§ **EXERCISE REQUIREMENTS**: Go through the material below and state how many lines include "Alfred", giving the number only.

§ **EXERCISE MATERIALS**:
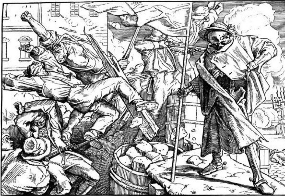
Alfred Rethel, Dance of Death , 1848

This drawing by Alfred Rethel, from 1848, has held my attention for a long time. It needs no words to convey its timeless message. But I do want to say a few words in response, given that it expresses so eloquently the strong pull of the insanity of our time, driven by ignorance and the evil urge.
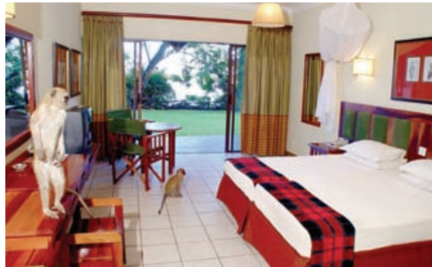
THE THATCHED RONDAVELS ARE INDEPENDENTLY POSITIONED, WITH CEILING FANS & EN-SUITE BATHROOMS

==

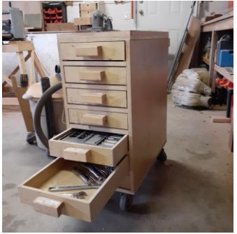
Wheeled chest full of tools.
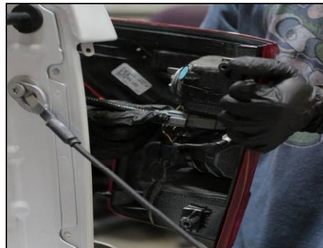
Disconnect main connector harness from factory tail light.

§ **WRITTEN RESPONSE**: 2